I am trying to find the following limit: $$\lim_{x\to 0} \frac{1}{x}\int_{x}^{2x}e^{-t^2}dt.$$
I tried to solve by using the Gaussian function, but in Gaussian function the usual limits of integration are from $-\infty$ to $\infty$ and with a certain upper bound $a$ the result of a Gaussian function ended up involving the erf function. I don't know how to find this limit or even if it exists or not by using these.
On
Let $g(x)$ be a primitive of $e^{-x^2}$. Then
$$\lim_{x\to 0}\frac{g(2x)-g(x)}x=\lim_{x\to 0}\left(2\frac{g(2x)-g(0)}{2x}-\frac{g(x)-g(0)}x\right)=2g'(0)-g'(0)=1.$$
On
$$\frac{\int_{x}^{2x}e^{-t^2}dt}{x}=\frac{\int_{0}^{2x}e^{-t^2}dt+\int_{x}^{0}e^{-t^2}dt}{x}=\frac{\int_{0}^{2x}e^{-t^2}dt-\int_{0}^{x}e^{-t^2}dt}{x}$$
Now use L'Hospitals Rule and the fundamental Theorem of Calculus.

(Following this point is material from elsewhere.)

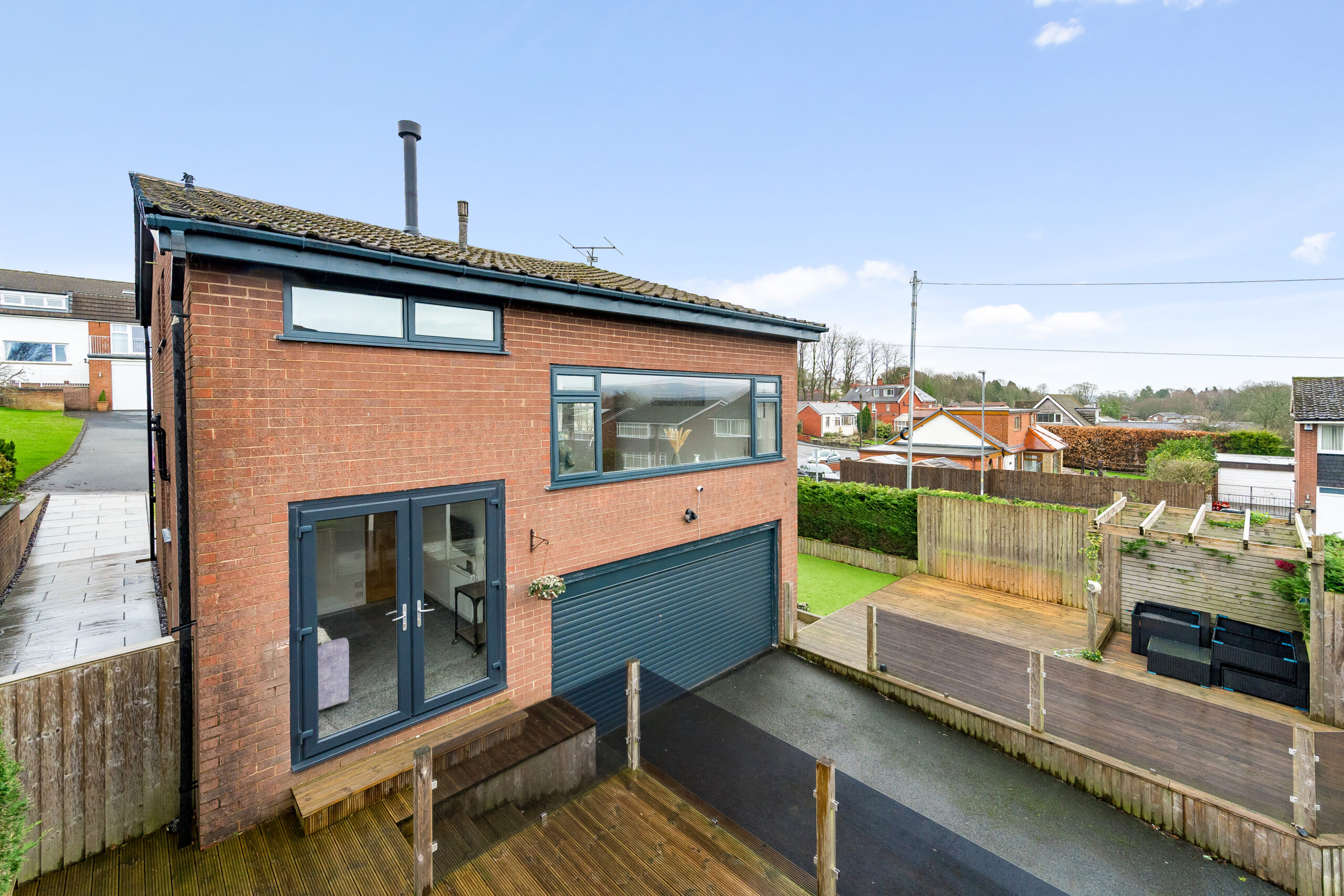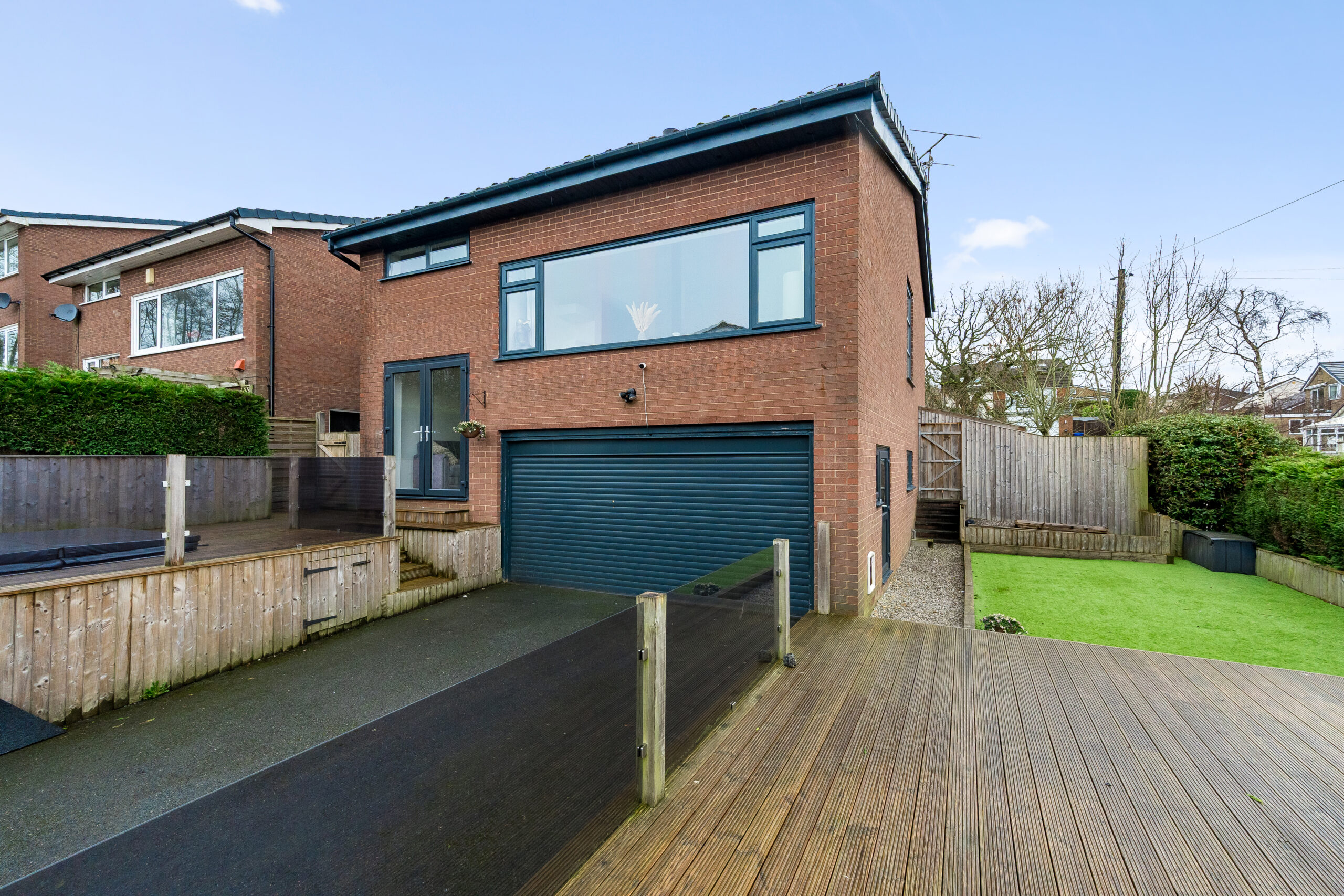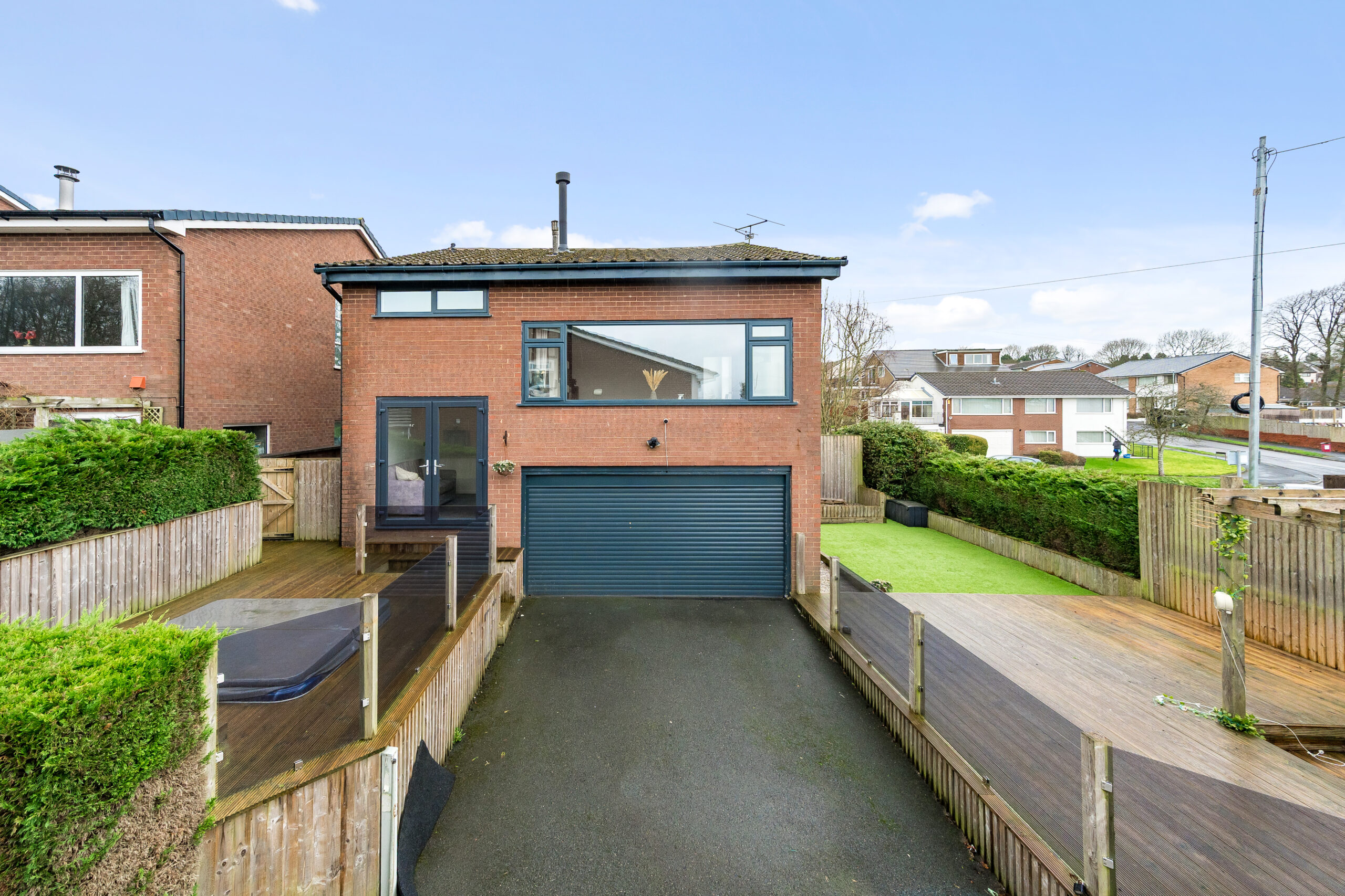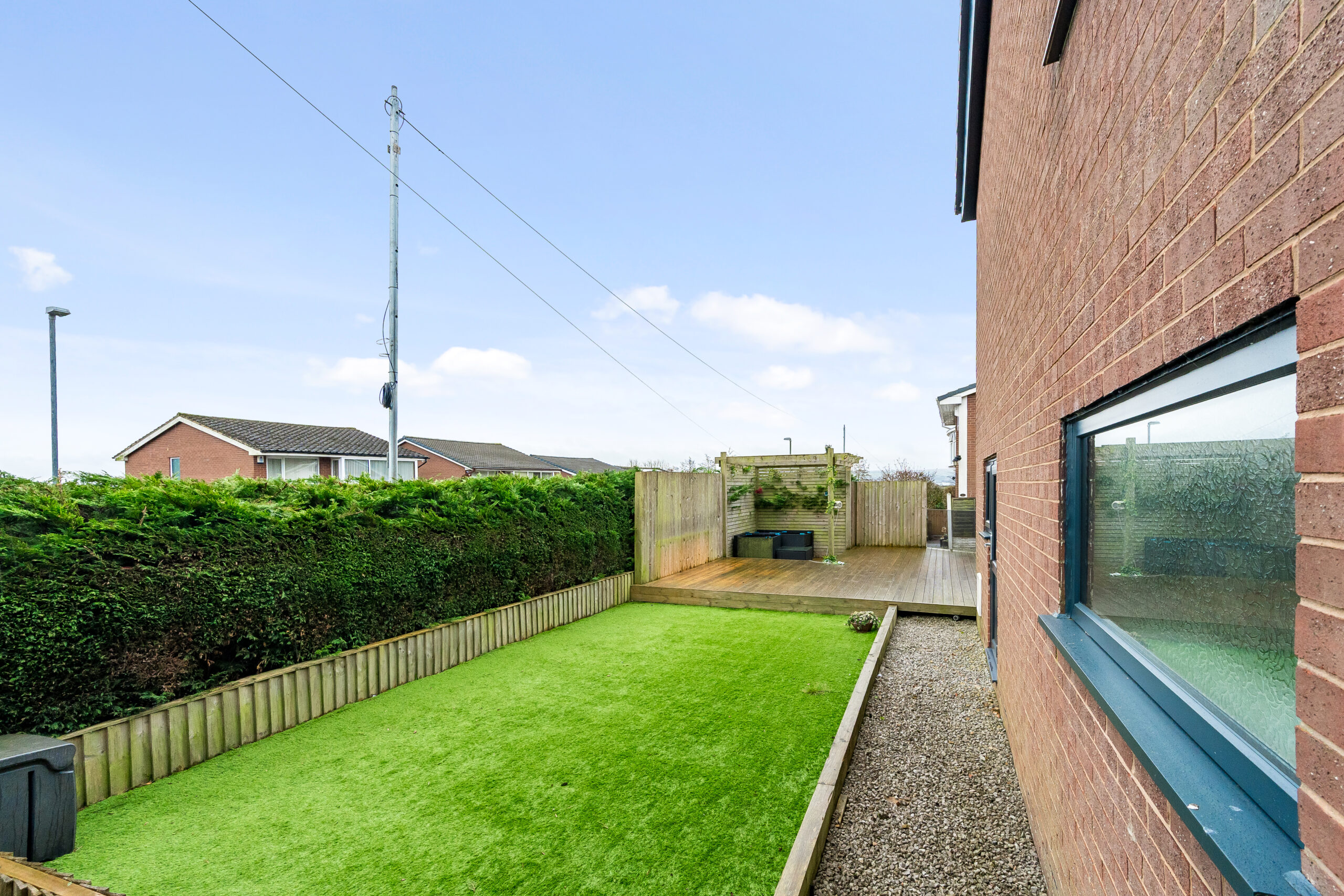 Externally, you can drive around to the rear where a private driveway provides parking and access to the garage via an electric up-and-over door. The landscaped garden has been thoughtfully designed for low maintenance, featuring decking, astro-turf, and a charming pergola-covered seating area — ideal for relaxing or entertaining. There is also a sunken hot tub for added luxury.

$$\lim_{x\to 0}\frac{\int_{x}^{2x}e^{-t^2}dt}{x}=\lim_{x\to 0}\frac{\int_{0}^{2x}e^{-t^2}dt-\int_{0}^{x}e^{-t^2}dt}{x}$$ $$=\lim_{x\to 0}\frac{2e^{-(2x)^2}-e^{-x^2}}{1}=1$$
On
Using the integral Mean Value Theorem, $$ \frac{1}{x}∫_x^{2x} f = \frac{∫_0^{2x} f - ∫_0^xf}{2x-x} = f(\xi(x))$$ for some $\xi(x) ∈ [x,2x]$. We then have $\xi(x) \xrightarrow[x→ 0]{} 0$, so by continuity of $f$, the result follows.
On
WLOG, we assume that $x>0$. Then \begin{align*} \frac{1}{x}\int_x^{2x} e^{-t^2} dt &= \int_1^2 e^{-(ux)^2} du. \end{align*} Then \begin{align*} \lim_{x\rightarrow 0}\frac{1}{x}\int_x^{2x} e^{-t^2} dt &= \lim_{x\rightarrow 0}\int_1^2 e^{-(ux)^2} du\\ &= \int_1^2 \lim_{x\rightarrow 0} e^{-(ux)^2} du\\ &= 1. \end{align*}
There is no need of De l'Hopital theorem: in a neighbourhood of zero, $e^{-t^2}=1-t^2+o(t^3)$, hence:
$$ \frac{1}{x}\int_{x}^{2x}e^{-t^2}\,dt = \frac{1}{x}\left(x-\frac{7}{3}x^3+o(x^4)\right) = 1 +O(x^2) $$ and the limit of the RHS as $x\to 0$ is clearly $\color{red}{1}$.